INSTANT NEW YORK TIMES BESTSELLER A NEW YORK TIMES NOTABLE BOOK OF 2018 ONE OF THE ECONOMIST'S BOOKS OF THE YEAR "My new favorite book of all time." --Bill Gates If you think the world is coming to an end, think again: people are living longer, healthier, freer, and happier lives, and while our problems are formidable, the solutions lie in the Enlightenment ideal of using reason and science. By the author of the new book, Rationality. Is the world really falling apart? Is the ideal of progress obsolete? In this elegant assessment of the human condition in the third millennium, cognitive scientist and public intellectual Steven Pinker urges us to step back from the gory headlines and prophecies of doom, which play to our psychological biases. Instead, follow the data: In seventy-five jaw-dropping graphs, Pinker shows that life, health, prosperity, safety, peace, knowledge, and happiness are on the rise, not just in the West, but worldwide. This progress is not the result of some cosmic force. It is a gift of the Enlightenment: the conviction that reason and science can enhance human flourishing. Far from being a naïve hope, the Enlightenment, we now know, has worked. But more than ever, it needs a vigorous defense. The Enlightenment project swims against currents of human nature--tribalism, authoritarianism, demonization, magical thinking--which demagogues are all too willing to exploit. Many commentators, committed to political, religious, or romantic ideologies, fight a rearguard action against it. The result is a corrosive fatalism and a willingness to wreck the precious institutions of liberal democracy and global cooperation. With intellectual depth and literary flair, Enlightenment Now makes the case for reason, science, and humanism: the ideals we need to confront our problems and continue our progress.

Love's Enlightenment

Love's Enlightenment
Author: Ryan Patrick Hanley
Publisher: Cambridge University Press
Total Pages: 199
Release: 2017-03-30
Genre: Business & Economics
ISBN: 1107105226

This book examines the transformation of the traditional understanding of love by four key Enlightenment thinkers - Hume, Adam Smith, Rousseau and Kant.

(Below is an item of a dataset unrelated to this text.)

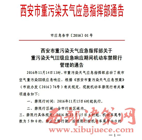 記者從西安市重污染天氣應(yīng)急指揮部了解到,2016年11月14日13時,西安市重污染天氣應(yīng)急指揮部啟動了西安市空氣重污染Ⅲ級應(yīng)急響應(yīng)。根據(jù)《西安市重污染天氣應(yīng)急預(yù)案》(市政辦發(fā)〔2016〕76號)有關(guān)規(guī)定,現(xiàn)就機動車禁限行有關(guān)事項通告如下: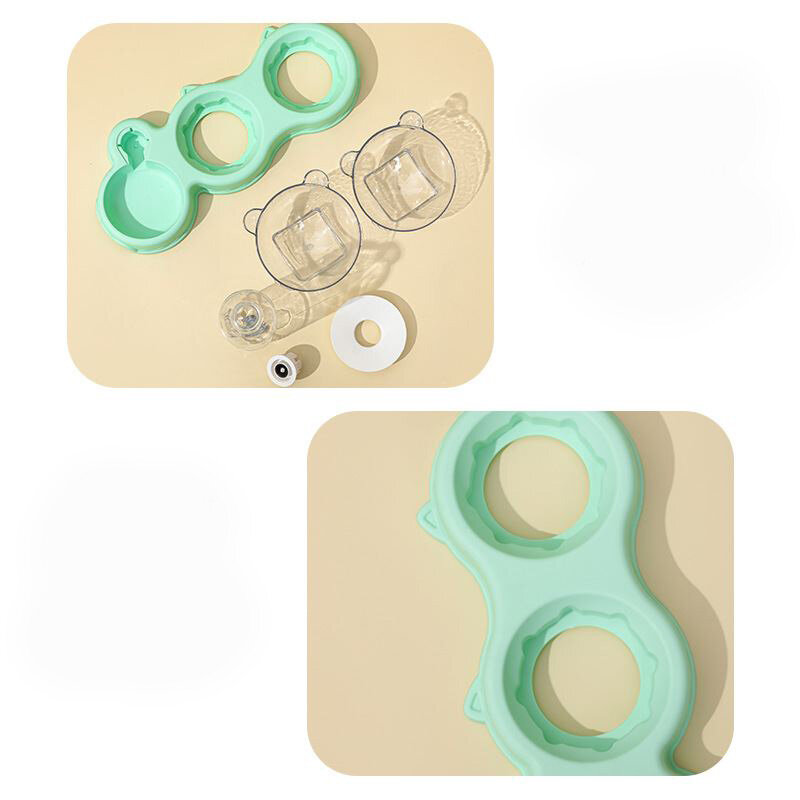 Миска для кошек и собак тройная с двумя чашками и поилкой с диспенсером для воды мятная информация:

The Cambridge History of the Age of Atlantic Revolutions: Volume 1, The Enlightenment and the British Colonies

The Cambridge History of the Age of Atlantic Revolutions: Volume 1, The Enlightenment and the British Colonies
Author: Wim Klooster
Publisher: Cambridge University Press
Total Pages: 639
Release: 2023-11-09
Genre: History
ISBN: 1108691625

Volume I problematizes the concepts of Enlightenment and revolution, revealing how the former did not wholly cause the latter. The volume also provides a comprehensive analysis of the American Revolution, making it essential to American historians and scholars of the Atlantic World.

Thinking with Rousseau

Thinking with Rousseau
Author: Helena Rosenblatt
Publisher: Cambridge University Press
Total Pages: 339
Release: 2017-06-16
Genre: Political Science
ISBN: 1108509053

Although indisputably one of the most important thinkers in the Western intellectual tradition, Rousseau's actual place within that tradition, and the legacy of his thought, remains hotly disputed. Thinking with Rousseau reconsiders his contribution to this tradition through a series of essays exploring the relationship between Rousseau and other 'great thinkers'. Ranging from 'Rousseau and Machiavelli' to 'Rousseau and Schmitt', this volume focuses on the kind of intricate work that intellectuals do when they read each other and grapple with one another's ideas. This approach is very helpful in explaining how old ideas are transformed and/or transmitted and new ones are generated. Rousseau himself was a master at appropriating the ideas of others, while simultaneously subverting them, and as the essays in this volume vividly demonstrate, the resulting ambivalences and paradoxes in his thought were creatively mined by others.